O único jeito de evitar que o pior aconteça no RN é um plano que se enfrente com os lucros capitalistas. Em primeiro lugar é necessário um plano de emergência para o SUS, garantindo leitos, oxigênio e respiradores. Frente a completa insuficiência de vacinas, graças ao desserviço de Bolsonaro, mas especialmente por conta da repugnante guerra de vacinas, que protege as patentes das grandes indústrias farmacêuticas em detrimento de que tenha vacina para todos. A irracionalidade capitalista precisa ser combatida com uma forte luta por vacina a todos, com a quebra das patentes e produção massiva sob controle dos trabalhadores junto a profissionais da saúde, técnicos e cientistas das universidades. Um plano que deve incluir uma política de vigilância genômica organizada por cientistas que mapeie as variantes que estão circulando e se formando, permitindo respostas rápidas quanto ao isolamento e atualização de vacinas necessárias.

A imediata intervenção estatal de todas as empresas farmacêuticas e laboratórios, para colocá-los sob o controle dos profissionais de saúde e servir a planos racionais de produção e distribuição de vacinas e testes, com vistas à nacionalização dessas empresas sob controle operário, junto com todos os recursos da saúde privada. A reconversão da produção nas indústrias para garantia de todos os insumos necessários para o combate ao COVID-19. Ou seja, um plano de ação controlado pelos trabalhadores, que vimos que são a única classe essencial e que pode nos conduzir para fora dessa catástrofe sanitária, econômica e social.

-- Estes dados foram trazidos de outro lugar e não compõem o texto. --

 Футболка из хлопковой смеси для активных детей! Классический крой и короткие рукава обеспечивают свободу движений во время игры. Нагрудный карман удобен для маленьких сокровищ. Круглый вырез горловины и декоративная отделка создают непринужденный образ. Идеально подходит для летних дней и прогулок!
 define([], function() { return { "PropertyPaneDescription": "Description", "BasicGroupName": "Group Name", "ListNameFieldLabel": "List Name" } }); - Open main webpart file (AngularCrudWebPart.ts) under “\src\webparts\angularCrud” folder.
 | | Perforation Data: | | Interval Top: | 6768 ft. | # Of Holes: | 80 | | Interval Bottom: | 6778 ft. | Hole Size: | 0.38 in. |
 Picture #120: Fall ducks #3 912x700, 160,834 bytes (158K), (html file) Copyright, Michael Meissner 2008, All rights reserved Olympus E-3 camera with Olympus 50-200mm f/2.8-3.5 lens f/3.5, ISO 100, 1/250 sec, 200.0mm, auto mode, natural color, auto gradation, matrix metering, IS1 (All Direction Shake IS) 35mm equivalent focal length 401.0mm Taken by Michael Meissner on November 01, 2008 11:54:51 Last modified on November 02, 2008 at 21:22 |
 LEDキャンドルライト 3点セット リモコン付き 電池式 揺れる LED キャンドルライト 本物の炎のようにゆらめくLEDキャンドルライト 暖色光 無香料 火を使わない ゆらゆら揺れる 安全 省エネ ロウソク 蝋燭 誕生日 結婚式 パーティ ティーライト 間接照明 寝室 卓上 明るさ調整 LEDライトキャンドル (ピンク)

Essa saída é possível através da luta, com a juventude, mulheres, negros e LGBTs a frente dessa batalha, em especial nas universidades, como a UFRN, que foi responsável pela detecção do vírus, são um pouco do grande papel que os vários estudantes, pesquisadores, técnicos da universidade poderiam cumprir para esse plano. A batalha por esse plano colocaria em questão a necessidade de derrotar o projeto do golpe institucional, que com Bolsonaro aliado a Arthur Lira, Pacheco, agora querem aprofundar com a PEC Emergencial e o novo orçamento.

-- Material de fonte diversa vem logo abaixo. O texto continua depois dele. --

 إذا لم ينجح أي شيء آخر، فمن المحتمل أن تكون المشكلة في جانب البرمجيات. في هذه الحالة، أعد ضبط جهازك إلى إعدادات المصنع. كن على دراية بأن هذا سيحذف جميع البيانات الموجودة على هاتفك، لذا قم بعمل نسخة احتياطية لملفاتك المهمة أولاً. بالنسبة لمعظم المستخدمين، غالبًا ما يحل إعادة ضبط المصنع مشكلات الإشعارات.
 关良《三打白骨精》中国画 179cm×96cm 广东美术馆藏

Nesse momento em que há uma disputa entre autoritarismos do STF e dos militares, é urgente que as centrais como CUT e CTB saiam da sua eterna quarentena a serviço do projeto do PT de vencer as eleições de 2022, e organize em cada local de trabalho a força que pode barrar Bolsonaro e os golpistas e impor uma saída operária para pandemia. A UNE, que fez um chamado a mobilização no dia 25 que não construiu, deve buscar romper com a fragmentação imposta pela pandemia e o ensino remoto, organizando reuniões e assembleias de base para que os estudantes pudessem votar um plano de lutas contra esses ataques de forma unificada com os trabalhadores e avançar para que as universidades coloquem todas as suas forças para responder à pandemia.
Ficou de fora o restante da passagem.